## Data excerpts
▬▬▬▬▬▬
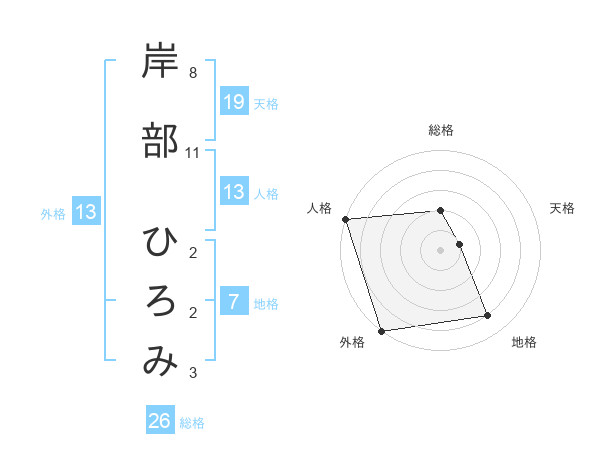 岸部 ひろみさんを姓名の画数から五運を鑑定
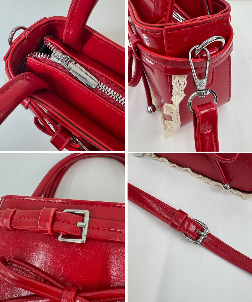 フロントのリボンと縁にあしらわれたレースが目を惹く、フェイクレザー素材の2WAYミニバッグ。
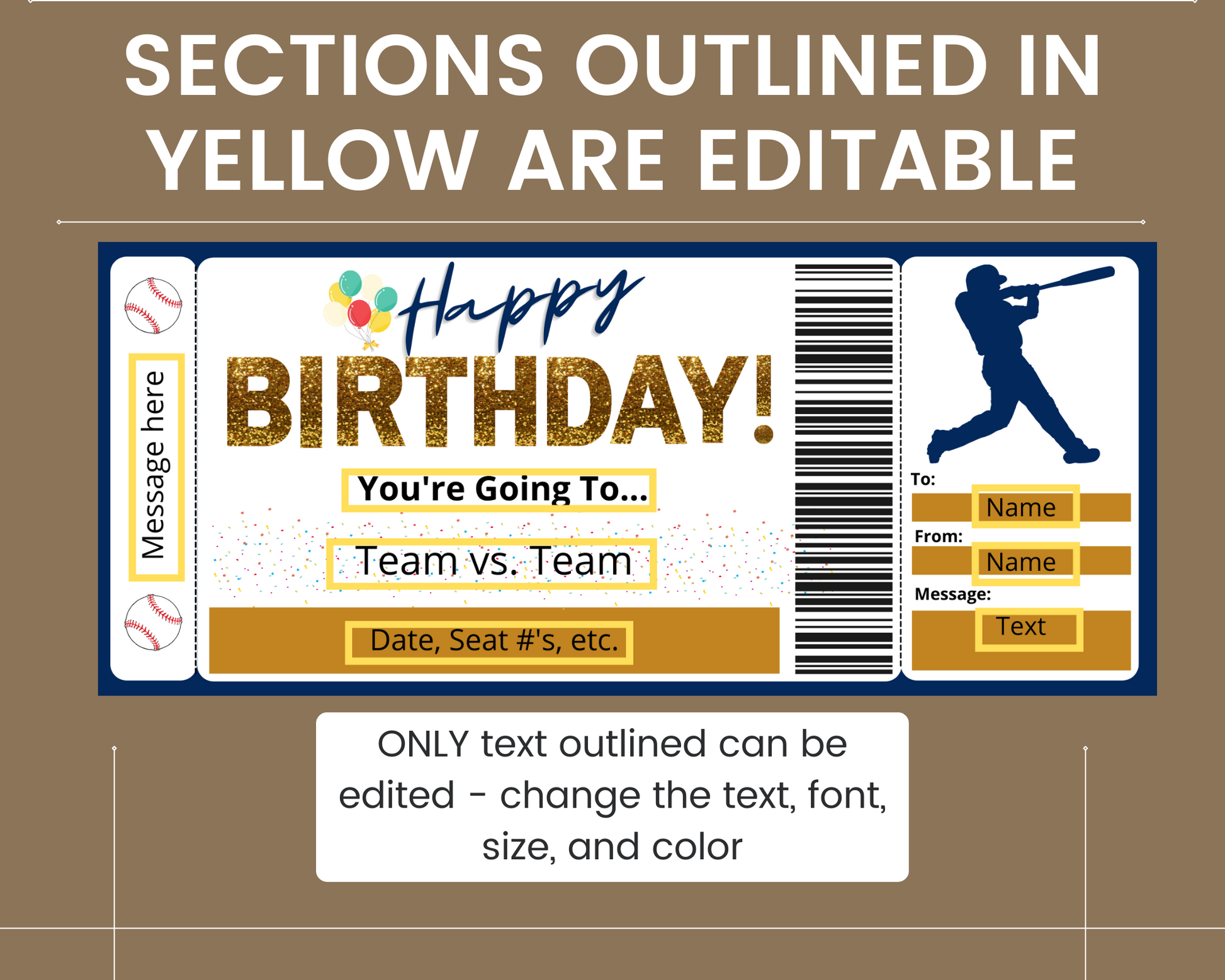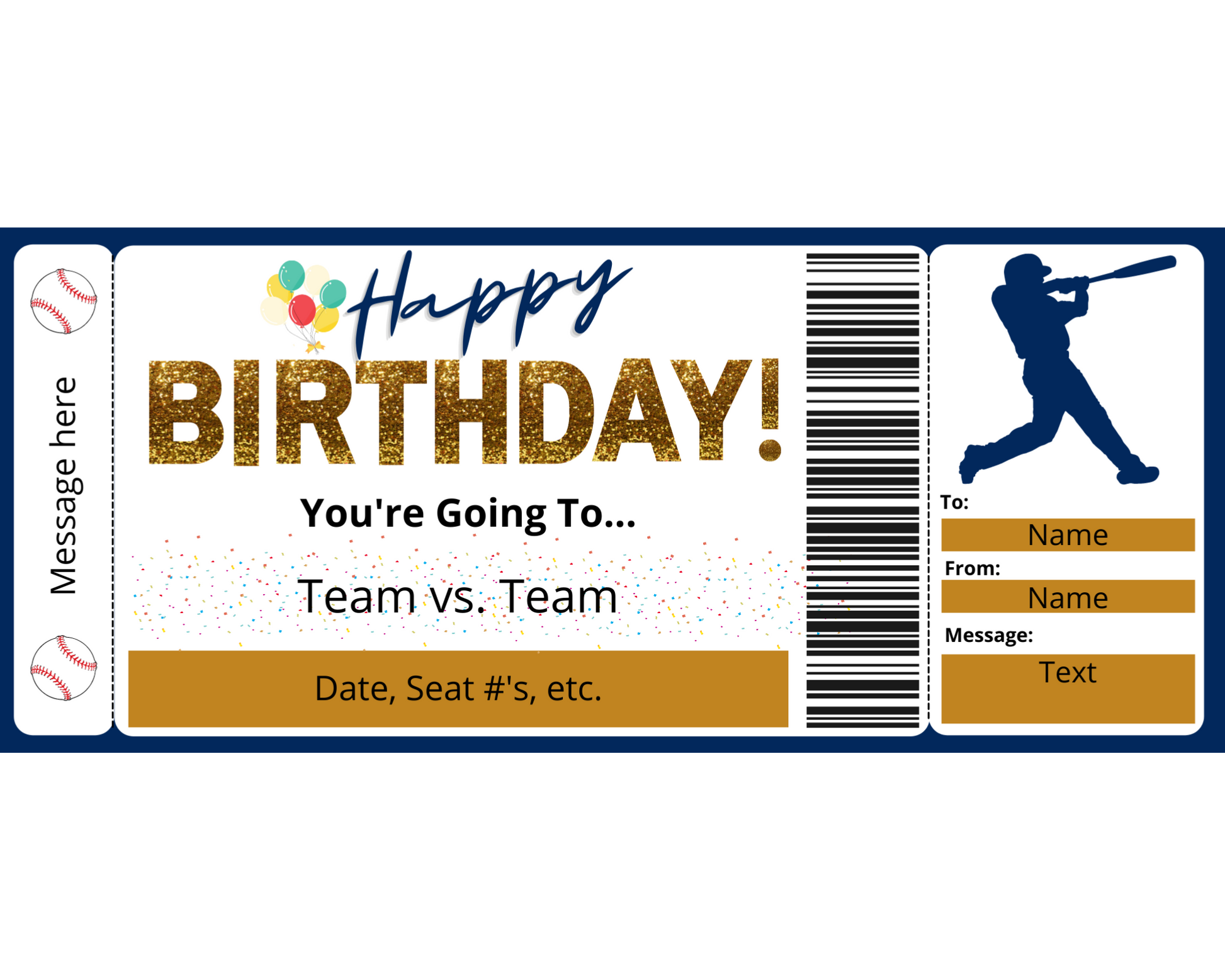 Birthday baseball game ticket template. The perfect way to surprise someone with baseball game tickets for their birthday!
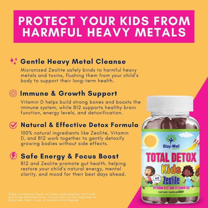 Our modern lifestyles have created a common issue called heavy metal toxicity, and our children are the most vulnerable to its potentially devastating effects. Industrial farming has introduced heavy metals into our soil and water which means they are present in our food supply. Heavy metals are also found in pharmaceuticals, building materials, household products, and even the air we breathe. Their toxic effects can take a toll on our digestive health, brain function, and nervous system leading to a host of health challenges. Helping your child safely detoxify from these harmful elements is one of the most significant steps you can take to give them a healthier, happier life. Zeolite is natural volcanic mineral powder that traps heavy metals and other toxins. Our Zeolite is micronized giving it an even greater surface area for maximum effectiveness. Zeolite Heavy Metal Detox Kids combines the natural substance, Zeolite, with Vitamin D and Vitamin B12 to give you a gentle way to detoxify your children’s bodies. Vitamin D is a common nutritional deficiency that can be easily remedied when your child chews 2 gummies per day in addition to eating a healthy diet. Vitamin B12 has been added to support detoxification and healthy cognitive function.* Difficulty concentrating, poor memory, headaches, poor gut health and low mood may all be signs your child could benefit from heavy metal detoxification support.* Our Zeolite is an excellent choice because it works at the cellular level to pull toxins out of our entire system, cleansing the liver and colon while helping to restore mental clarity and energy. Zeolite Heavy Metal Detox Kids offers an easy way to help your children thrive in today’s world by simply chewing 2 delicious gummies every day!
▬▬▬▬▬▬
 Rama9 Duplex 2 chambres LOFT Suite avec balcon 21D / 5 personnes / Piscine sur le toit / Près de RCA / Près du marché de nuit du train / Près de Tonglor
▬▬▬▬▬▬
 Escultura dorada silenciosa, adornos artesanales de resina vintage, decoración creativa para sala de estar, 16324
▬▬▬▬▬▬
## Task item
Look above for the line with "フロントのリボンと縁にあしら" and the line with "Our modern lifestyles", then copy exactly the lines from the first through the second, both kept, with no pictures.

## Expected output
 フロントのリボンと縁にあしらわれたレースが目を惹く、フェイクレザー素材の2WAYミニバッグ。
 Birthday baseball game ticket template. The perfect way to surprise someone with baseball game tickets for their birthday!
 Our modern lifestyles have created a common issue called heavy metal toxicity, and our children are the most vulnerable to its potentially devastating effects. Industrial farming has introduced heavy metals into our soil and water which means they are present in our food supply. Heavy metals are also found in pharmaceuticals, building materials, household products, and even the air we breathe. Their toxic effects can take a toll on our digestive health, brain function, and nervous system leading to a host of health challenges. Helping your child safely detoxify from these harmful elements is one of the most significant steps you can take to give them a healthier, happier life. Zeolite is natural volcanic mineral powder that traps heavy metals and other toxins. Our Zeolite is micronized giving it an even greater surface area for maximum effectiveness. Zeolite Heavy Metal Detox Kids combines the natural substance, Zeolite, with Vitamin D and Vitamin B12 to give you a gentle way to detoxify your children’s bodies. Vitamin D is a common nutritional deficiency that can be easily remedied when your child chews 2 gummies per day in addition to eating a healthy diet. Vitamin B12 has been added to support detoxification and healthy cognitive function.* Difficulty concentrating, poor memory, headaches, poor gut health and low mood may all be signs your child could benefit from heavy metal detoxification support.* Our Zeolite is an excellent choice because it works at the cellular level to pull toxins out of our entire system, cleansing the liver and colon while helping to restore mental clarity and energy. Zeolite Heavy Metal Detox Kids offers an easy way to help your children thrive in today’s world by simply chewing 2 delicious gummies every day!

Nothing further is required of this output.